For Node.js streaming with large files, also install:

npm install csv-parser csv-writer

Step 2: Basic exact duplicate removal

The fastest way to remove duplicates from an array in JavaScript is using a Set. For primitive values (strings, numbers), this is straightforward:

const values = ['apple', 'banana', 'apple', 'cherry', 'banana'];
const unique = [...new Set(values)];
// ['apple', 'banana', 'cherry']

For CSV rows (which are objects), Set doesn't work directly because it compares object references, not values. You need to create a string key from each row:

import Papa from 'papaparse';

interface CsvRow {
  name: string;
  email: string;
  phone: string;
}

function deduplicateExact(rows: CsvRow[]): CsvRow[] {
  const seen = new Set<string>();
  return rows.filter(row => {
    const key = JSON.stringify(row);
    if (seen.has(key)) return false;
    seen.add(key);
    return true;
  });
}

// Usage with PapaParse
Papa.parse<CsvRow>(csvFile, {
  header: true,
  complete: (results) => {
    const uniqueRows = deduplicateExact(results.data);
    console.log(`Removed ${results.data.length - uniqueRows.length} duplicates`);
  }
});

This approach has O(n) time complexity, which is 440-800x faster than using filter + findIndex for datasets with 500+ rows.

Step 3: Column-based deduplication

Often you need to deduplicate based on a specific column rather than the entire row. For example, keeping only one row per email address:

interface UserRow {
  id: string;
  name: string;
  email: string;
  created_at: string;
}

function deduplicateByKey<T extends Record<string, unknown>>(
  rows: T[],
  key: keyof T
): T[] {
  const seen = new Set<string>();
  return rows.filter(row => {
    const value = String(row[key] ?? '').toLowerCase().trim();
    if (!value || seen.has(value)) return false;
    seen.add(value);
    return true;
  });
}

// Keep first occurrence of each email
const uniqueByEmail = deduplicateByKey(users, 'email');

Notice the normalization: toLowerCase().trim(). This handles common cases where John@Example.com and john@example.com should be treated as duplicates.

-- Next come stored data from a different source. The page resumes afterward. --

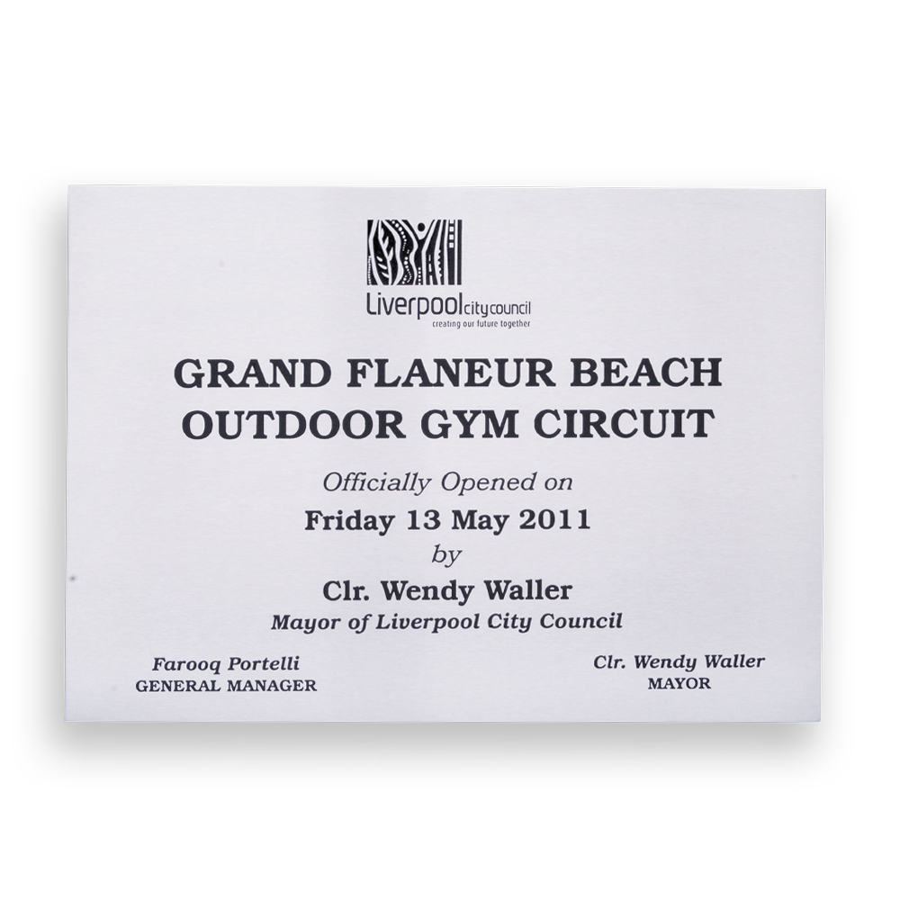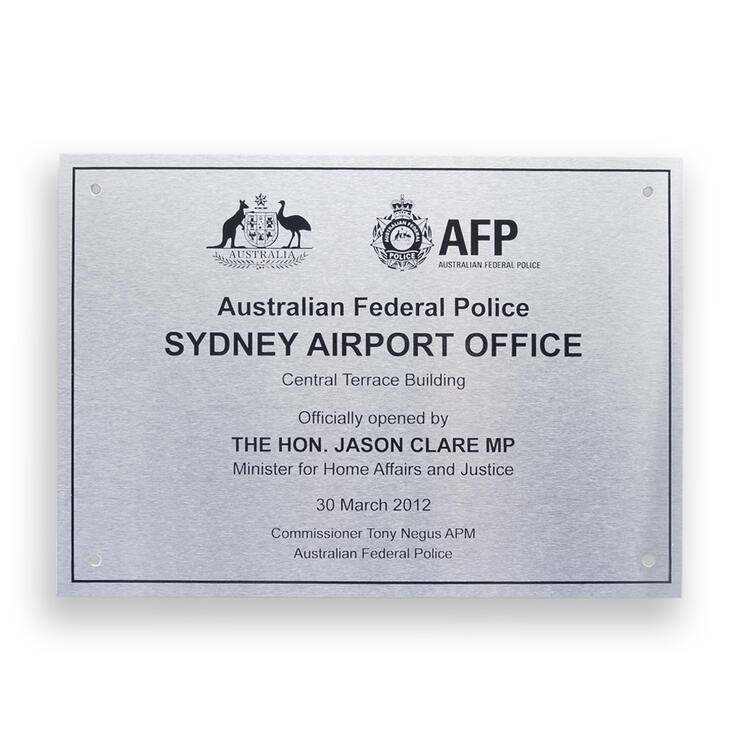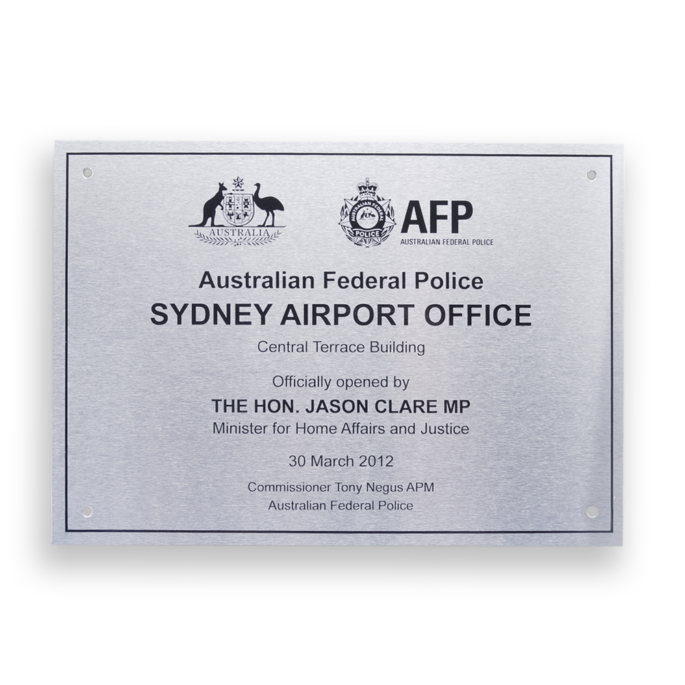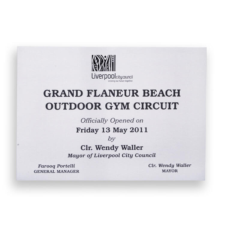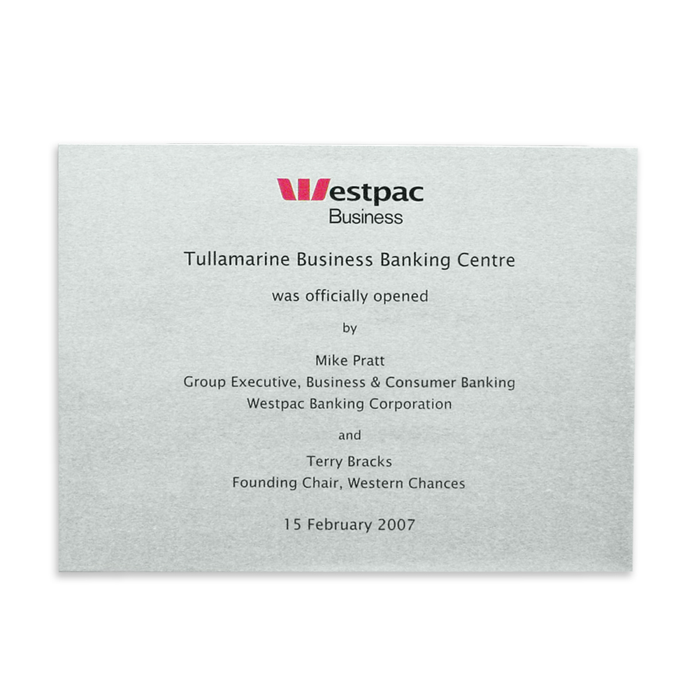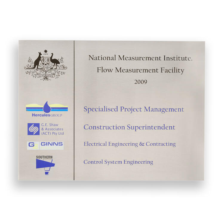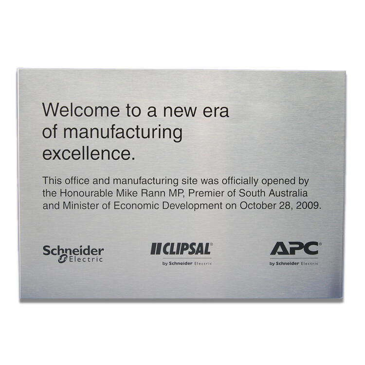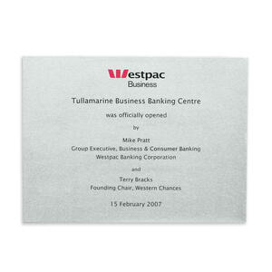 Our sandblast-engraved stainless steel plaques provide a professional, low-maintenance and durable finish at a more economical price than acid-etched options. This method uses fine abrasive blasting to etch the surface of the stainless steel, creating a crisp etching. The etched areas are then paint-filled in your chosen colour to enhance contrast and legibility.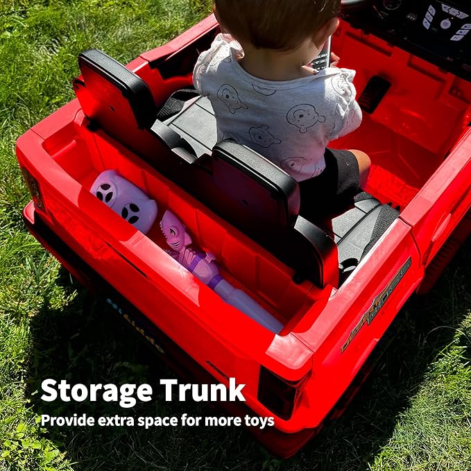- 19" WIDE TWO SEATER: Hikiddo 2 seater ride on car for kids with remote control also allows two children to ride together comfortably with 110lbs Max capacity. Additionally, it includes a storage space for kids to keep their toys.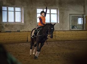Центральный Московский ипподром. Тренировка по выездке лошади в манеже.

Step 4: Multi-column composite key deduplication

Sometimes duplicates are defined by a combination of columns. For instance, a contact might be duplicate if both email AND phone match:

function deduplicateByKeys<T extends Record<string, unknown>>(
  rows: T[],
  keys: (keyof T)[]
): T[] {
  const seen = new Set<string>();
  return rows.filter(row => {
    const compositeKey = keys
      .map(k => String(row[k] ?? '').toLowerCase().trim())
      .join('|');
    if (seen.has(compositeKey)) return false;
    seen.add(compositeKey);
    return true;
  });
}

// Deduplicate where both email AND phone match
const unique = deduplicateByKeys(contacts, ['email', 'phone']);

The pipe character | separates key parts. Choose a delimiter that won't appear in your data.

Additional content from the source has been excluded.